= DATA RECORDS =

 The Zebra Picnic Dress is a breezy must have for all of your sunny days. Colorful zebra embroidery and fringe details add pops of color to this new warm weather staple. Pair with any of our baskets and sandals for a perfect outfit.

...

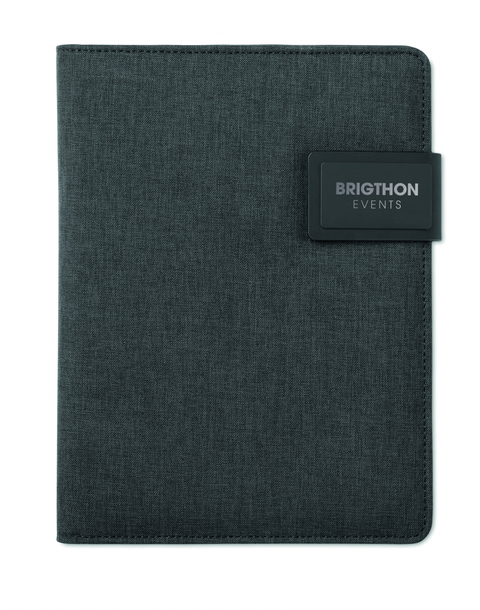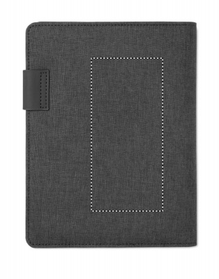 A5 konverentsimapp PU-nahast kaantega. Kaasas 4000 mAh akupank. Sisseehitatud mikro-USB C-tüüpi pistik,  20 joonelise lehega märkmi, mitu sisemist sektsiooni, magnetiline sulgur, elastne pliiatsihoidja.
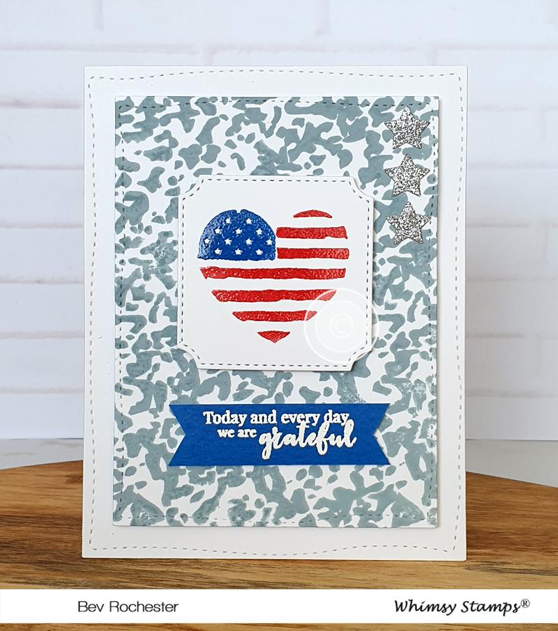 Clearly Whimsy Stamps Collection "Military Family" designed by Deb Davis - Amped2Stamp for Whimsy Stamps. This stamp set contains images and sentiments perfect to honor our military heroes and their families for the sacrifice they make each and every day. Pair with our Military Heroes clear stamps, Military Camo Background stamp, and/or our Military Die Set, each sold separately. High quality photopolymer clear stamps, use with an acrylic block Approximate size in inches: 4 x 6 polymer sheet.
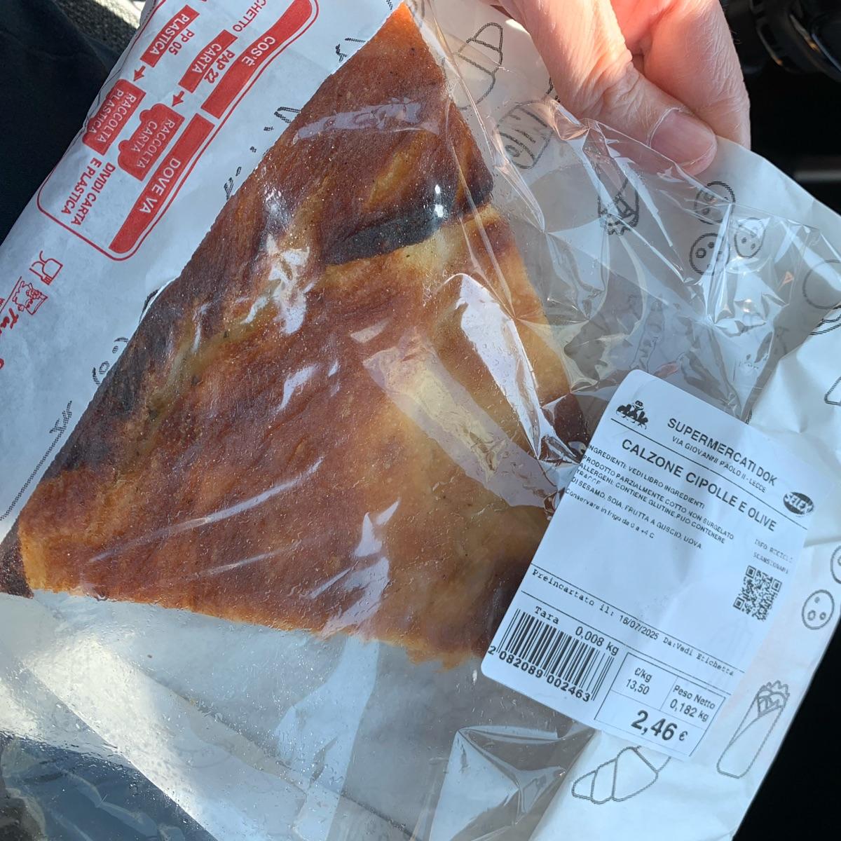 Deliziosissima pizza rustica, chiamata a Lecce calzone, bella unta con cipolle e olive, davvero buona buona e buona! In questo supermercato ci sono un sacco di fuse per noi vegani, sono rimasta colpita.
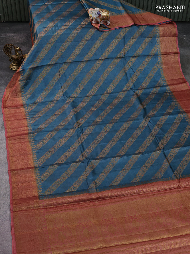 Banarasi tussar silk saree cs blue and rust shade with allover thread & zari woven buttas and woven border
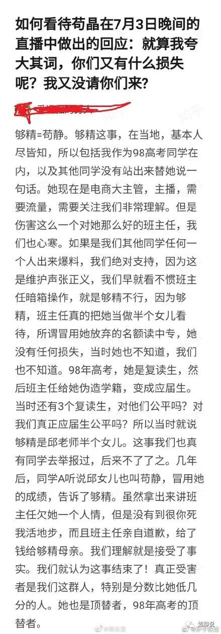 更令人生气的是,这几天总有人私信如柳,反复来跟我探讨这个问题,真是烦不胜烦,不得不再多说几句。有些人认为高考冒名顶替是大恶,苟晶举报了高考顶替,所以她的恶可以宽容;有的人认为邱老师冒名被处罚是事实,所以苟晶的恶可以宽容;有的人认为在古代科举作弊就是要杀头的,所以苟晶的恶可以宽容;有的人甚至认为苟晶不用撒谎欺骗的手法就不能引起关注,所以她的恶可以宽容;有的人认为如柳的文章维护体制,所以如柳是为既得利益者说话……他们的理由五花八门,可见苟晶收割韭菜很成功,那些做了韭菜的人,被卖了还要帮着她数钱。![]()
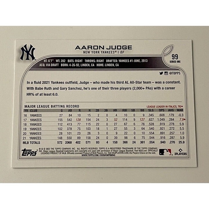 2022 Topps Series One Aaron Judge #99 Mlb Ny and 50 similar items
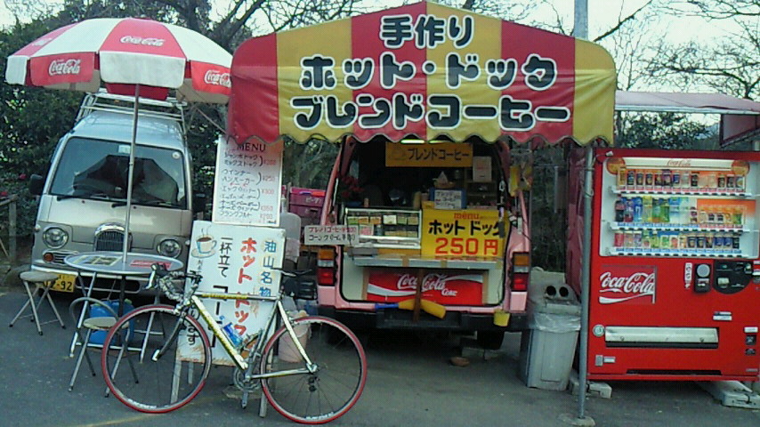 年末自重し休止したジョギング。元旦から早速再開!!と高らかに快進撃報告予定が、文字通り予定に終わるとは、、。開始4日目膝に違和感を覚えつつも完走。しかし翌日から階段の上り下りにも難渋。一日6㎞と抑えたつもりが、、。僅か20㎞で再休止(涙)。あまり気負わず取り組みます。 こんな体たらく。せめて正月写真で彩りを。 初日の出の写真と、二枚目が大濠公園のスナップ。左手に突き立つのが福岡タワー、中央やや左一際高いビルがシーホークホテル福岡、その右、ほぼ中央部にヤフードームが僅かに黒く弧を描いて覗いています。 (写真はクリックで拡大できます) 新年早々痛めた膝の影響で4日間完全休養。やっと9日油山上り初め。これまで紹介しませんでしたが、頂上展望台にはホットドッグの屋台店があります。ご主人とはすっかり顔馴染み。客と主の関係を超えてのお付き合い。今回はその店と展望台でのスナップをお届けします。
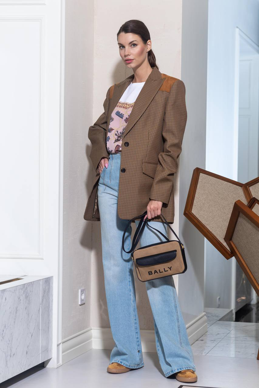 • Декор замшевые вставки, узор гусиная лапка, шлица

= PROBLEM TO WORK ON =
Word for word, write out the lines above running from the one with "Banarasi tussar silk" up to and including the one with "гусиная лапка, шлица". Drop any picture.

= ANSWER TO THE EXERCISE =
 Banarasi tussar silk saree cs blue and rust shade with allover thread & zari woven buttas and woven border
 更令人生气的是,这几天总有人私信如柳,反复来跟我探讨这个问题,真是烦不胜烦,不得不再多说几句。有些人认为高考冒名顶替是大恶,苟晶举报了高考顶替,所以她的恶可以宽容;有的人认为邱老师冒名被处罚是事实,所以苟晶的恶可以宽容;有的人认为在古代科举作弊就是要杀头的,所以苟晶的恶可以宽容;有的人甚至认为苟晶不用撒谎欺骗的手法就不能引起关注,所以她的恶可以宽容;有的人认为如柳的文章维护体制,所以如柳是为既得利益者说话……他们的理由五花八门,可见苟晶收割韭菜很成功,那些做了韭菜的人,被卖了还要帮着她数钱。![]()
 2022 Topps Series One Aaron Judge #99 Mlb Ny and 50 similar items
 年末自重し休止したジョギング。元旦から早速再開!!と高らかに快進撃報告予定が、文字通り予定に終わるとは、、。開始4日目膝に違和感を覚えつつも完走。しかし翌日から階段の上り下りにも難渋。一日6㎞と抑えたつもりが、、。僅か20㎞で再休止(涙)。あまり気負わず取り組みます。 こんな体たらく。せめて正月写真で彩りを。 初日の出の写真と、二枚目が大濠公園のスナップ。左手に突き立つのが福岡タワー、中央やや左一際高いビルがシーホークホテル福岡、その右、ほぼ中央部にヤフードームが僅かに黒く弧を描いて覗いています。 (写真はクリックで拡大できます) 新年早々痛めた膝の影響で4日間完全休養。やっと9日油山上り初め。これまで紹介しませんでしたが、頂上展望台にはホットドッグの屋台店があります。ご主人とはすっかり顔馴染み。客と主の関係を超えてのお付き合い。今回はその店と展望台でのスナップをお届けします。
 • Декор замшевые вставки, узор гусиная лапка, шлица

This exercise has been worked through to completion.